Records for this exercise START
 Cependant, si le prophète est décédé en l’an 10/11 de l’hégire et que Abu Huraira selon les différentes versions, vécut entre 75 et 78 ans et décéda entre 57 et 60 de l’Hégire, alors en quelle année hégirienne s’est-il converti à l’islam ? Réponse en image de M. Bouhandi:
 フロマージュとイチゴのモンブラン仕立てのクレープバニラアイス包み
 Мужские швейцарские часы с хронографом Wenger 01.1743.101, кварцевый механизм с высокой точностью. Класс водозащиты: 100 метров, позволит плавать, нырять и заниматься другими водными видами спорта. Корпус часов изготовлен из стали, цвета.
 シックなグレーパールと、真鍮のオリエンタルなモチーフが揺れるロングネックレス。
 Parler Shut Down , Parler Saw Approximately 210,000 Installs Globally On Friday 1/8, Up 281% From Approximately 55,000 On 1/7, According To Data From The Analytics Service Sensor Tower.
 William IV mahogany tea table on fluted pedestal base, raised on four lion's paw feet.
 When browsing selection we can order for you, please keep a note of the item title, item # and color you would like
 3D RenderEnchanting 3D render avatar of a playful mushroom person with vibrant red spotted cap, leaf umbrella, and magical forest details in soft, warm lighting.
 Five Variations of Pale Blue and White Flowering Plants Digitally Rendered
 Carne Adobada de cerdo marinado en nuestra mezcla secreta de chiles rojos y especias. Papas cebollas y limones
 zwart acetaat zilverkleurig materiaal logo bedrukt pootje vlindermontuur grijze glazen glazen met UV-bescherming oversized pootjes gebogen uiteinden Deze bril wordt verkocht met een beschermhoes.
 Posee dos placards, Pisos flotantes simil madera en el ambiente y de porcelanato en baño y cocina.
Records for this exercise END
:: Your assignment ::
Among the entries above, the line containing "Carne Adobada de", the line containing "zwart acetaat zilverkleurig", and all lines between them are to be restated word for word; nothing else belongs in the reply.

:: Result ::
 Carne Adobada de cerdo marinado en nuestra mezcla secreta de chiles rojos y especias. Papas cebollas y limones
 zwart acetaat zilverkleurig materiaal logo bedrukt pootje vlindermontuur grijze glazen glazen met UV-bescherming oversized pootjes gebogen uiteinden Deze bril wordt verkocht met een beschermhoes.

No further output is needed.